The document states:
- "The Sphinx Jr systems with fiber optic delivery devices share the same intended use, indications for use, similar design features and functional features and therefore are substantially equivalent to the Sphinx Family of Lasers K033437 and Versapulse K011703."
- "All necessary Software and EMC testing was conducted on the proposed Sphinx Jr to support a determination of safety to the predicate devices." (This refers to non-clinical, engineering-level testing, not clinical performance).
- "Since the specification and performance of the Sphinx laser system and the predicate devices are the same, it is suggested that preclinical performance data is not required."
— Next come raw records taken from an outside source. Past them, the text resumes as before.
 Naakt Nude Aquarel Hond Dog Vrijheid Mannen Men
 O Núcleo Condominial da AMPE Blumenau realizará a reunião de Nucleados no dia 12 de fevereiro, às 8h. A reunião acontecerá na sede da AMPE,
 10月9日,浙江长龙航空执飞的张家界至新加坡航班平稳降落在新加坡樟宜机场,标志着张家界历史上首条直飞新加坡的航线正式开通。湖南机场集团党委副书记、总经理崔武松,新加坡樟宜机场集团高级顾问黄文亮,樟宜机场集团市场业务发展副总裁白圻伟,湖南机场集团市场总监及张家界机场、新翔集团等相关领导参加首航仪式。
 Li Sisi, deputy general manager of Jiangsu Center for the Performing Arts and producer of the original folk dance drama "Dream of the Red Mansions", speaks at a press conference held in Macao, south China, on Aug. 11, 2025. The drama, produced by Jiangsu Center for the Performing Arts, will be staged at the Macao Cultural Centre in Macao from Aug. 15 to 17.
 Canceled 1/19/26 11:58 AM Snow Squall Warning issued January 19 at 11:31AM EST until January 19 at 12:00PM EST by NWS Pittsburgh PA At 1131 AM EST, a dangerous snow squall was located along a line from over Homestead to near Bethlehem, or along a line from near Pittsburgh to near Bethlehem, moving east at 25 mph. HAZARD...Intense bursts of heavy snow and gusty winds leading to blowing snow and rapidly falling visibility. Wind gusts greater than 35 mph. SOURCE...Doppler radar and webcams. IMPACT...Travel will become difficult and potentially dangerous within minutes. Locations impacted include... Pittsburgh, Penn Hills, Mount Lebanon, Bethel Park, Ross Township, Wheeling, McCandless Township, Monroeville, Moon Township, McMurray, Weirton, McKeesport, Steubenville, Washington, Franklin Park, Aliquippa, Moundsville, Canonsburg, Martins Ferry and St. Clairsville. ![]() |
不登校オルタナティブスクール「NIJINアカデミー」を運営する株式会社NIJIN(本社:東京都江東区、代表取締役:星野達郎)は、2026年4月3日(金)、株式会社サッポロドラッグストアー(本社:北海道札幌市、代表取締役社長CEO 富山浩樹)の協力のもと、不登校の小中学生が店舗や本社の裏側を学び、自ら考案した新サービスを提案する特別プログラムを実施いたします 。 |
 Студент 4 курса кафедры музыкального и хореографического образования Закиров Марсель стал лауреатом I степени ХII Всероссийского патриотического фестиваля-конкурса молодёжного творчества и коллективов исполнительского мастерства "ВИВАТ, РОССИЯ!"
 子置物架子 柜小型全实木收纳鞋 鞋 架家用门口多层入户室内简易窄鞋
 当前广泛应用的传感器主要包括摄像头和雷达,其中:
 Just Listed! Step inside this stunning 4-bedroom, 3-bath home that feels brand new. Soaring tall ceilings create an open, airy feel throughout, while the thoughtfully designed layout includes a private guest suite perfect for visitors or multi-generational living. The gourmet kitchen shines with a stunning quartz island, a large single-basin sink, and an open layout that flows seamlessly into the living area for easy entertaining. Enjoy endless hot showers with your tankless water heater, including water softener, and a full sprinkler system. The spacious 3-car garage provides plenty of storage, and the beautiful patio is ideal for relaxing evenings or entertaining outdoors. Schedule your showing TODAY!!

- Conclusion: "The Sphinx Jr Systems with fiber optic delivery devices was found to be safe and effective and therefore substantially equivalent to the predicate surgical laser systems and delivery devices."
The FDA's letter on March 18, 2014, confirms that they have "reviewed your Section 510(k) premarket notification... and have determined the device is substantially equivalent (for the indications for use stated in the enclosure) to legally marketed predicate devices..." This letter constitutes the "acceptance" that the device meets the regulatory requirements for market clearance via the 510(k) pathway, based on the argument of substantial equivalence.
§ 878.4810 Laser surgical instrument for use in general and plastic surgery and in dermatology.
(a)
Identification. (1) A carbon dioxide laser for use in general surgery and in dermatology is a laser device intended to cut, destroy, or remove tissue by light energy emitted by carbon dioxide.(2) An argon laser for use in dermatology is a laser device intended to destroy or coagulate tissue by light energy emitted by argon.
(b)
Classification. (1) Class II.(2) Class I for special laser gas mixtures used as a lasing medium for this class of lasers. The devices subject to this paragraph (b)(2) are exempt from the premarket notification procedures in subpart E of part 807 of this chapter, subject to the limitations in § 878.9.